* [PROBLEM REQUIREMENTS]:
Print exactly the lines from the one containing "1028 All In Hunyer 37.5 Keel" through the last line of the records below, both included, and nothing else; omit any pictures.

(SUPPLIED DATA Opens)

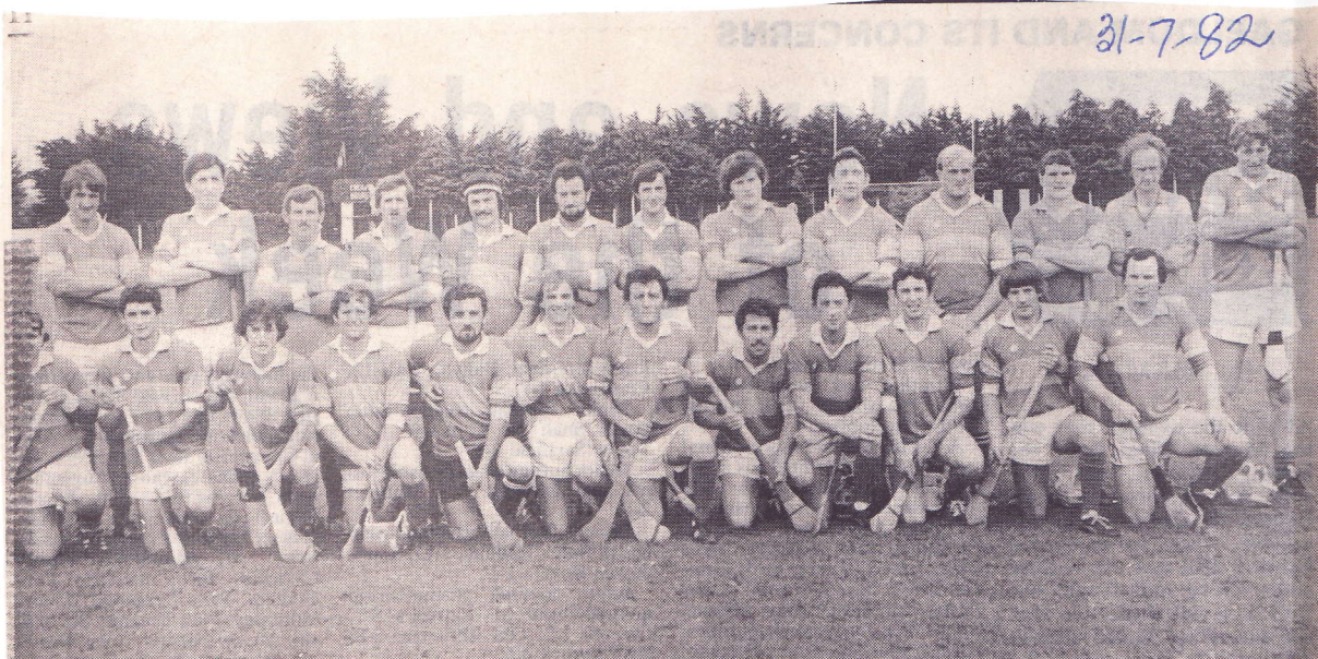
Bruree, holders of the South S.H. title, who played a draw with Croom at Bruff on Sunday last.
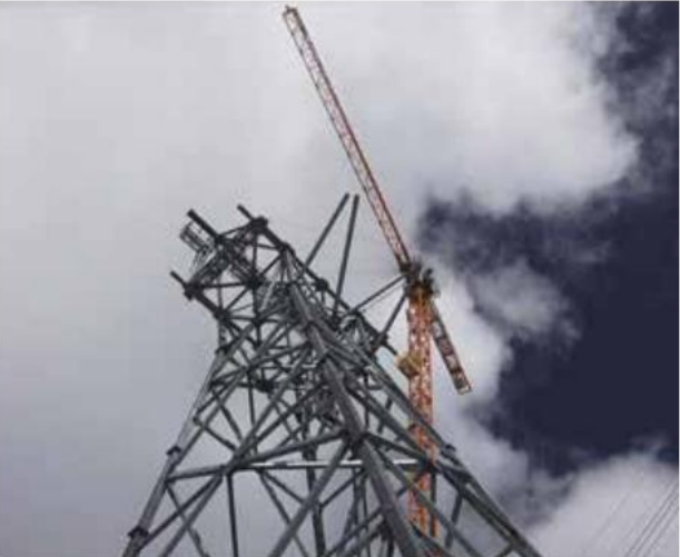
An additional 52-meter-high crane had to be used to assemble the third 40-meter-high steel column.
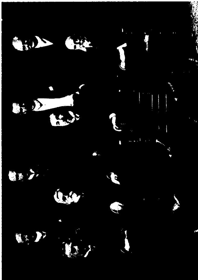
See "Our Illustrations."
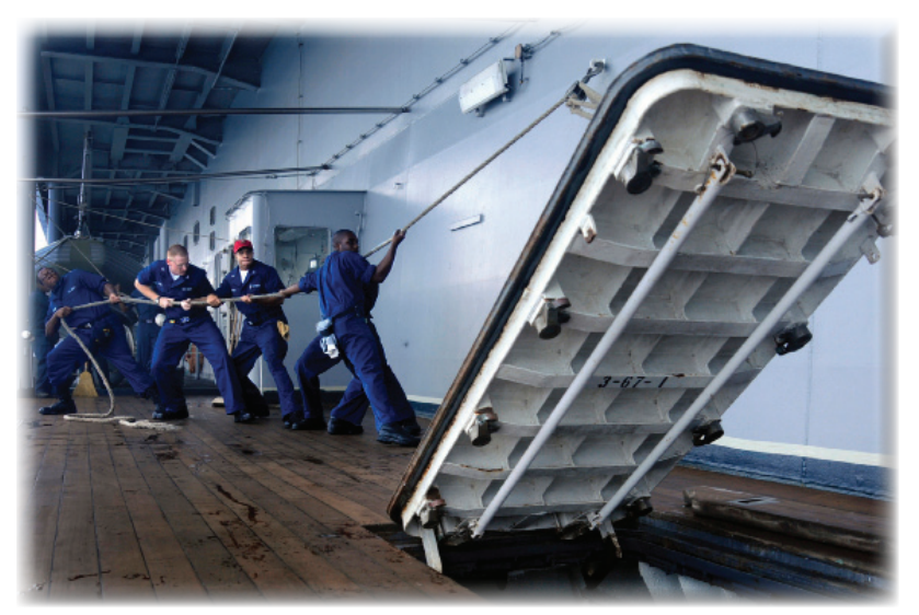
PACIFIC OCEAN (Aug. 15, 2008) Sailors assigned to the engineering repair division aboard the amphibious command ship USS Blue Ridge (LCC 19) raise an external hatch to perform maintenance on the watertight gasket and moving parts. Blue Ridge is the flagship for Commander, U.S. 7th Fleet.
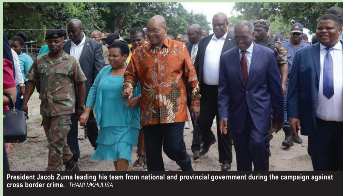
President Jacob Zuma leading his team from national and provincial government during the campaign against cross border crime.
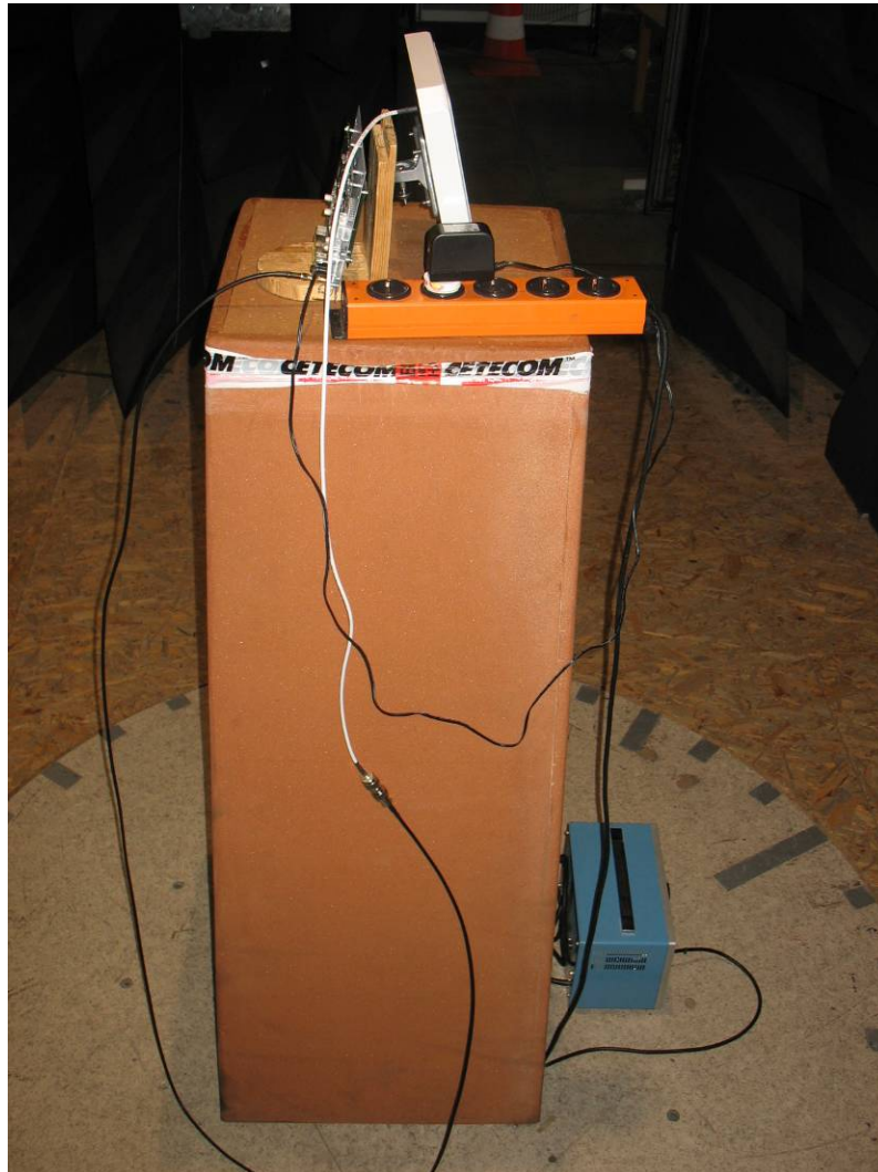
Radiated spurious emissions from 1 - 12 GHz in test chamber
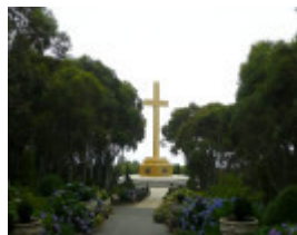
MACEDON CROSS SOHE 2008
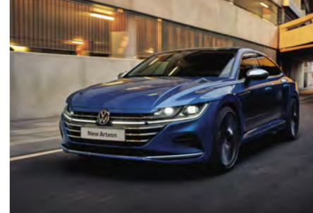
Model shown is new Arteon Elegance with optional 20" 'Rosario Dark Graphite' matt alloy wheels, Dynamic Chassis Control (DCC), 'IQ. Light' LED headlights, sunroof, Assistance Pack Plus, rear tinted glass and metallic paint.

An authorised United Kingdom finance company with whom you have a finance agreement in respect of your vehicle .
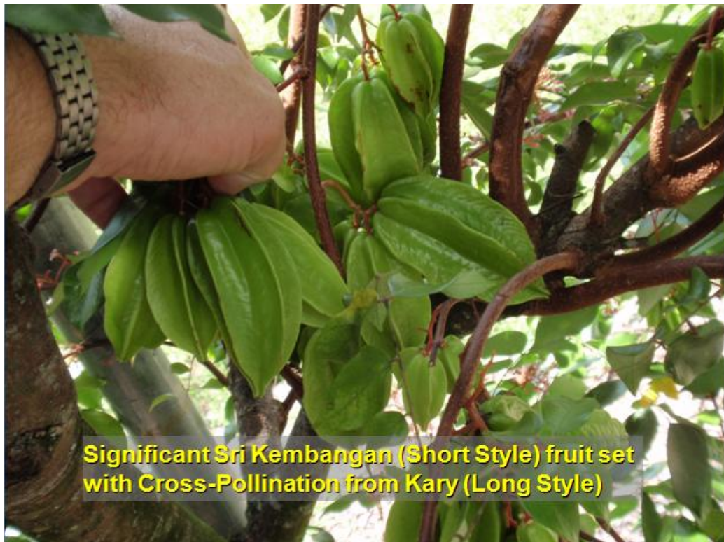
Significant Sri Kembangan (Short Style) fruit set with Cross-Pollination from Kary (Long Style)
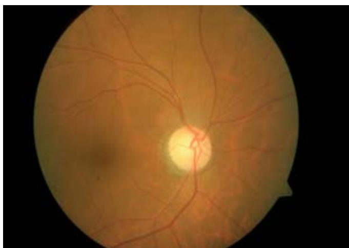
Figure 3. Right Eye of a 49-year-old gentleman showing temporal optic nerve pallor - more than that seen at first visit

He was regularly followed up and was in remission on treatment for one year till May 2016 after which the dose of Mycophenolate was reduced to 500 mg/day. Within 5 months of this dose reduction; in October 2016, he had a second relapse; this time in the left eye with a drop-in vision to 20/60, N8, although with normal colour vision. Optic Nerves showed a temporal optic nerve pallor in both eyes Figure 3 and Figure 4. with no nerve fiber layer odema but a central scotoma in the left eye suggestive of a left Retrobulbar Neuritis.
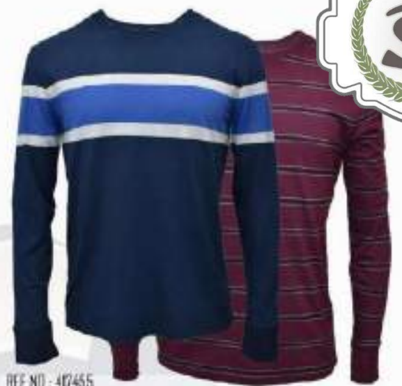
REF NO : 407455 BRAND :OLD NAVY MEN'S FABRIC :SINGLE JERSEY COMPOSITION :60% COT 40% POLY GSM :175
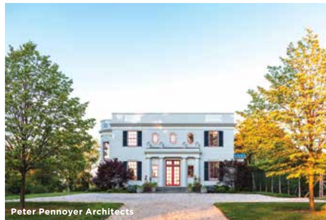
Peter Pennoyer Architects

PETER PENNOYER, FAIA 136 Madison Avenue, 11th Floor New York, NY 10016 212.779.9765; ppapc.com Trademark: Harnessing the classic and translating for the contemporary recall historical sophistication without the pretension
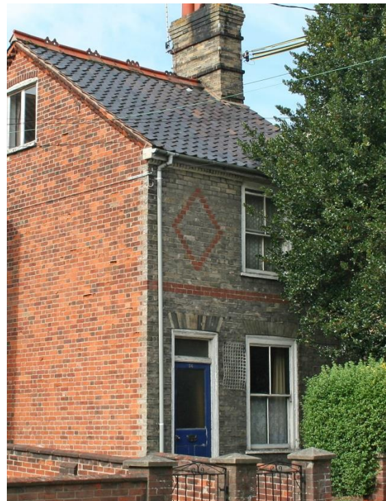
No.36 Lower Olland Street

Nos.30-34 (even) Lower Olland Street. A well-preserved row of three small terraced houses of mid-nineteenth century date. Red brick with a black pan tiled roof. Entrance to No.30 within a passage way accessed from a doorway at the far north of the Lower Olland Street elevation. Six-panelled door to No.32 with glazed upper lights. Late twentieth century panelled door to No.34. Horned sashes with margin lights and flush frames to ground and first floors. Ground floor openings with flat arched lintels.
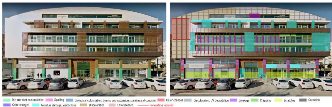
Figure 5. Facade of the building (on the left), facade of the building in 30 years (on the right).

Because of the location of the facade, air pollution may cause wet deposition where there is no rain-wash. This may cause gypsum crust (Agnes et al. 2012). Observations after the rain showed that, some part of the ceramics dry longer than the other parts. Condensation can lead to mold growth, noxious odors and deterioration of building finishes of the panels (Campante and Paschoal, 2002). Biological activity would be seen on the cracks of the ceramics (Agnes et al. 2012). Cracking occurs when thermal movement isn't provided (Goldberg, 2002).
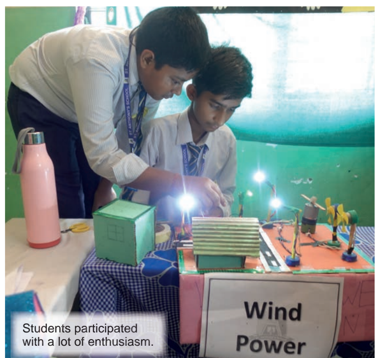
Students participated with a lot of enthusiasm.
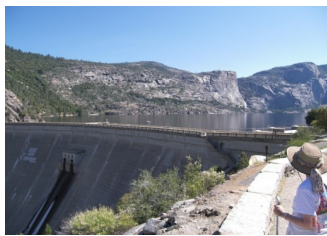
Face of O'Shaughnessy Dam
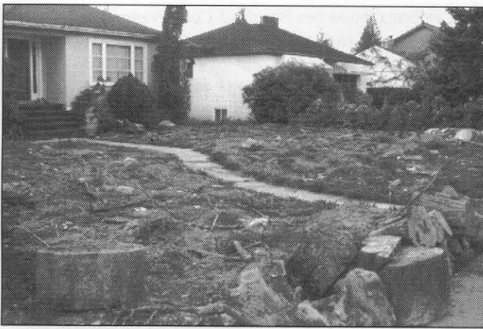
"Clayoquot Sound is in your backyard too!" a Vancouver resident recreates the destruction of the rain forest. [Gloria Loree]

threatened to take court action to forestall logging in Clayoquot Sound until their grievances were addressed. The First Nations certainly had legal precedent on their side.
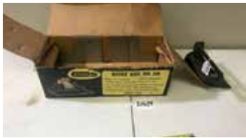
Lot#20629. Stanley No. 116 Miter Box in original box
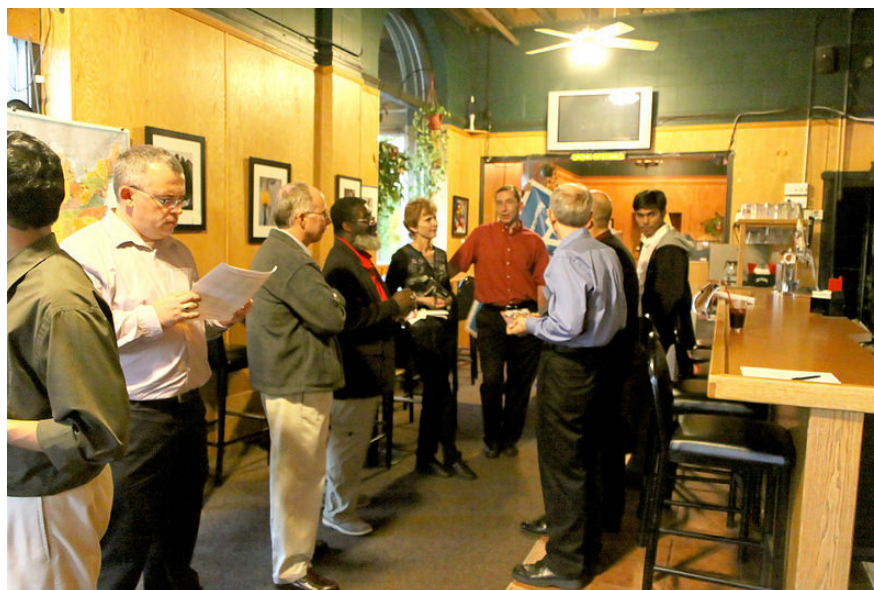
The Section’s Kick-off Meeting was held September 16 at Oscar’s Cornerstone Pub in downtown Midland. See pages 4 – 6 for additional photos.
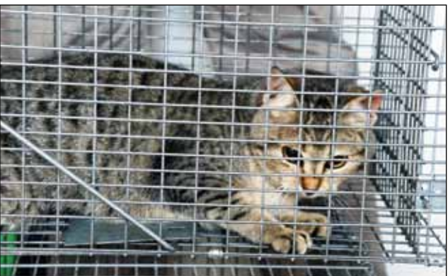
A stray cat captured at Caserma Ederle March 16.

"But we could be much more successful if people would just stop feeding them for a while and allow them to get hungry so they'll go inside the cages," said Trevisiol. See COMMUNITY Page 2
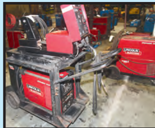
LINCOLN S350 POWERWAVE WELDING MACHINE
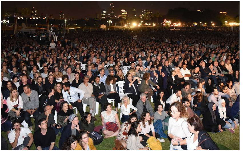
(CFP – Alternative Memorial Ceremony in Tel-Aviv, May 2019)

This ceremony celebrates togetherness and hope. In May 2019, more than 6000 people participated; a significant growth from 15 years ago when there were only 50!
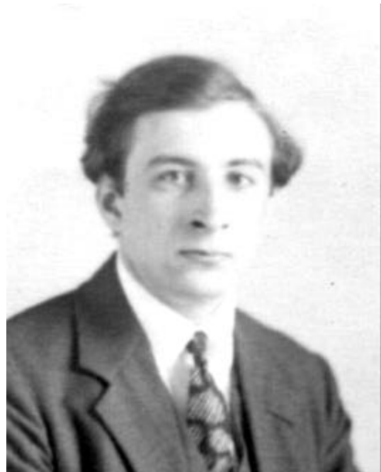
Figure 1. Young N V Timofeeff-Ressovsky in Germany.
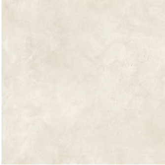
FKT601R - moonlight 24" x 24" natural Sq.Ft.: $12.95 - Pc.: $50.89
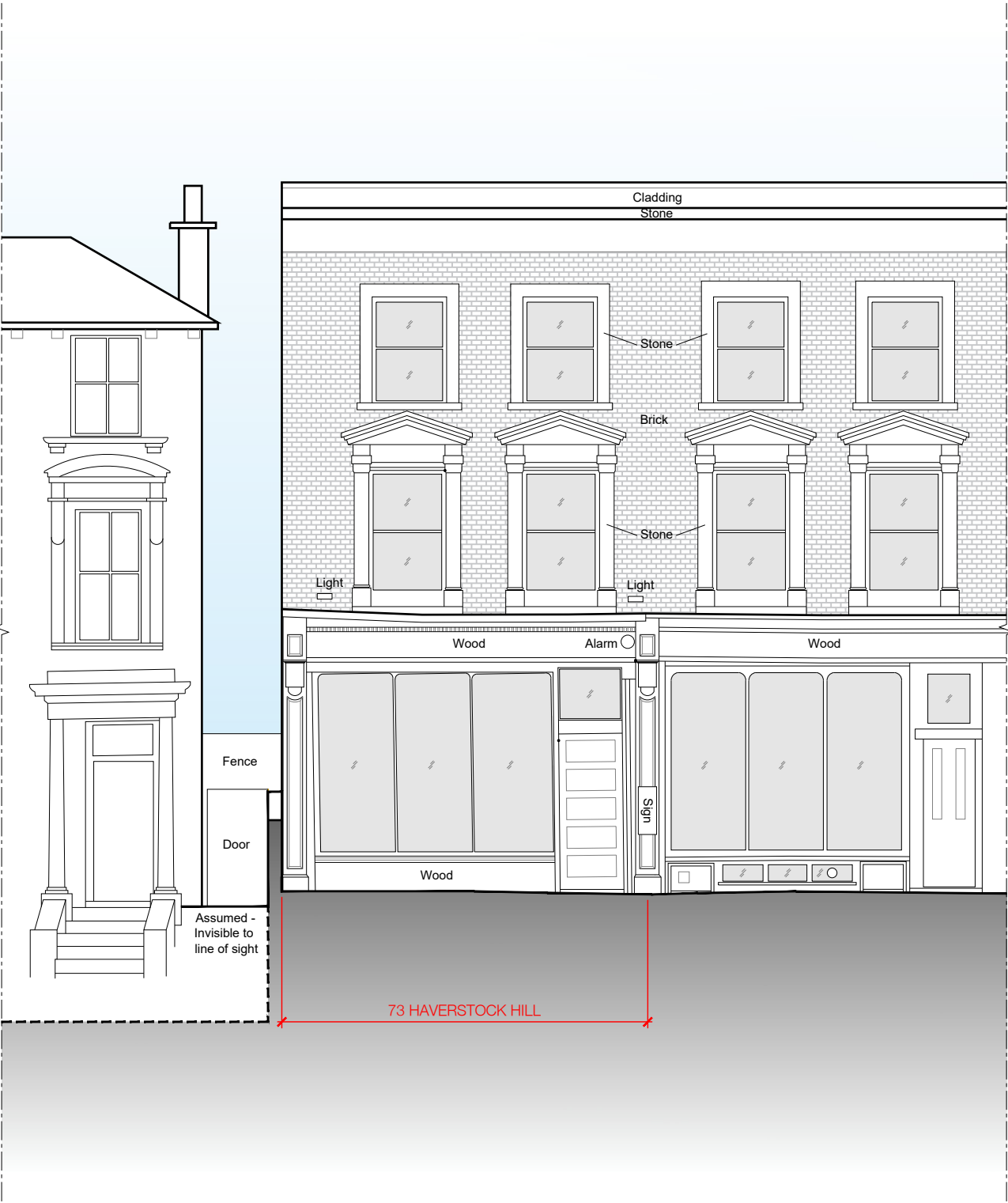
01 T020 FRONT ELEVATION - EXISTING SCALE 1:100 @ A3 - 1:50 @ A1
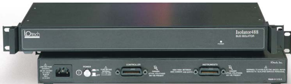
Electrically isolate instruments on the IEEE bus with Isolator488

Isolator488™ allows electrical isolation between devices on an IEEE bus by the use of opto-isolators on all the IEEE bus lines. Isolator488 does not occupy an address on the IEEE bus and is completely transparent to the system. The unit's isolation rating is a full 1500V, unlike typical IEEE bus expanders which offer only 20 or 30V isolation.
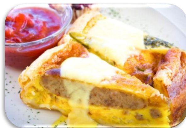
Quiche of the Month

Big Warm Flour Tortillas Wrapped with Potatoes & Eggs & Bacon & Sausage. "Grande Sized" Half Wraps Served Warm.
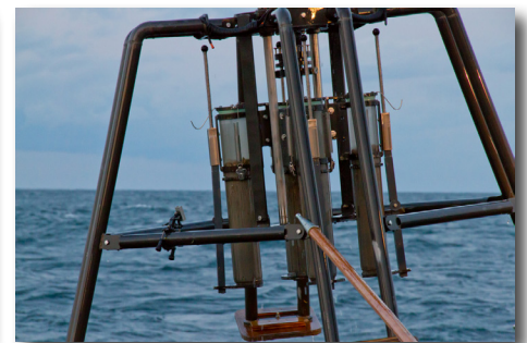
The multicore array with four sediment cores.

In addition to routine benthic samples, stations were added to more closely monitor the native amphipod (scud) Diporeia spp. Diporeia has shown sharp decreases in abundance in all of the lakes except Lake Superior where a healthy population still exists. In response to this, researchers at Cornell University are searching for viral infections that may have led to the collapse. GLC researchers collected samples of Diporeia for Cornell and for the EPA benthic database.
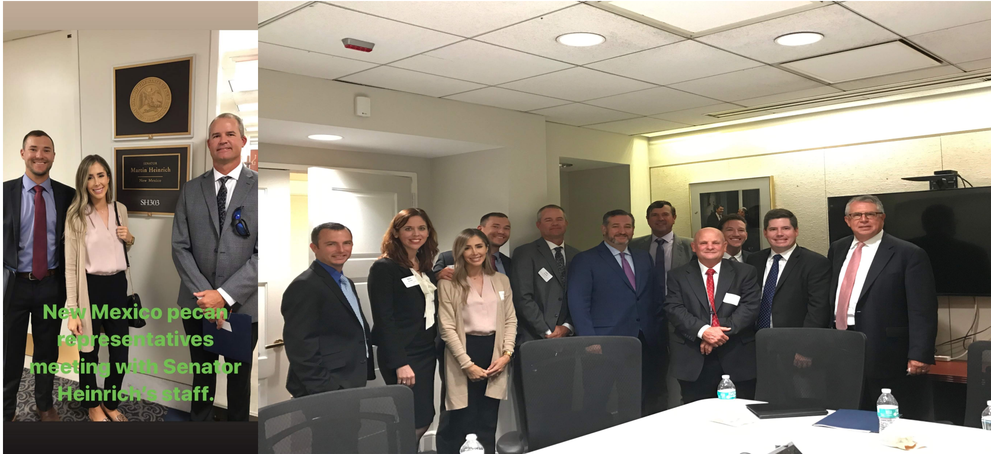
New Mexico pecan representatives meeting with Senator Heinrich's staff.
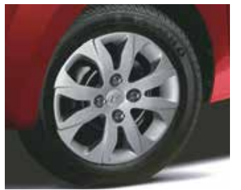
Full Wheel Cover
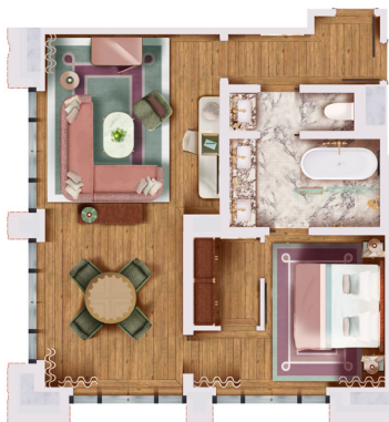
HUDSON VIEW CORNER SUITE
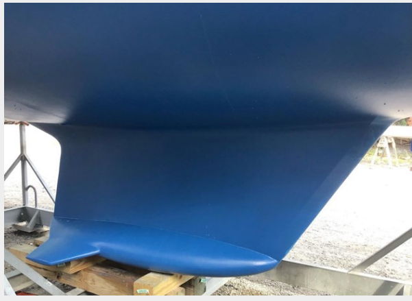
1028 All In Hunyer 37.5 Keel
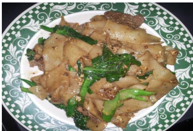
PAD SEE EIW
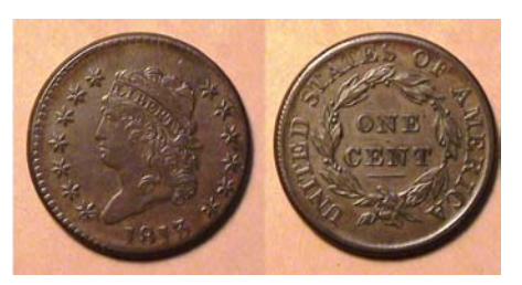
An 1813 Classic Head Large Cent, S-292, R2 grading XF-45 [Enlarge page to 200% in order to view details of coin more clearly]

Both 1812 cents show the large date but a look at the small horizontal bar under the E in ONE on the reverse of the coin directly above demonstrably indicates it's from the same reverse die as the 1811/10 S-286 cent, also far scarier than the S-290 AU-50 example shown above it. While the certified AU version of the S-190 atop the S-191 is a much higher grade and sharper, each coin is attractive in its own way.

(SUPPLIED DATA Closes)

* [RESULT OF THE TASK]:
1028 All In Hunyer 37.5 Keel
PAD SEE EIW
An 1813 Classic Head Large Cent, S-292, R2 grading XF-45 [Enlarge page to 200% in order to view details of coin more clearly]

Both 1812 cents show the large date but a look at the small horizontal bar under the E in ONE on the reverse of the coin directly above demonstrably indicates it's from the same reverse die as the 1811/10 S-286 cent, also far scarier than the S-290 AU-50 example shown above it. While the certified AU version of the S-190 atop the S-191 is a much higher grade and sharper, each coin is attractive in its own way.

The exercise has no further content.